Cylinder pressures often vary significantly between cylinders, so for a multi-cylinder engine it would be necessary to measure on all cylinders simultaneously. While engine friction measuring methods may not be strictly accurate, they are nevertheless very valuable experimental tools for developing improved engine designs.

The automotive industry requires complex tests, based on various driving cycles, with closely controlled conditions. Many of the worst engine emissions occur during transient conditions, which is why these requirements have evolved. Further details can be found in Plint and Martyr Temperatures of the internals of engines are measured routinely as part of engine development.

For static components, thermocouples are the standard technique, but for moving components, other techniques are used. A variety of plugs which melt at different temperatures are fitted, and the engine is run then dismantled to discover which have melted.
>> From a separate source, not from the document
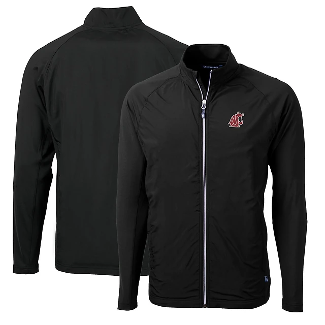 Veste hybride entièrement zippée en tricot écologique Adapt pour homme, noire, style coupe-vent et recyclé, Washington State Cougars, taille grande

It is important to decrease the load and speed of the test progressively, as heat soakage can result in parts of the piston becoming unrealistically hot if the engine is suddenly stopped from full power. An arrangement has been described in Section 5. A small window is fitted in the cylinder wall and the infra- red detection instrument views through a stroboscopic disc. By varying the phasing between engine and stroboscope various parts of the piston can be observed.

Measurement of wear of piston rings has been carried out by irradiating a ring, then subsequently measuring the radioactivity of the engine oil. This technique could be applied to any component, and can be potentially used in the field as well as on the test-bed. Chemical doping rather than irradiation may be equally appropriate.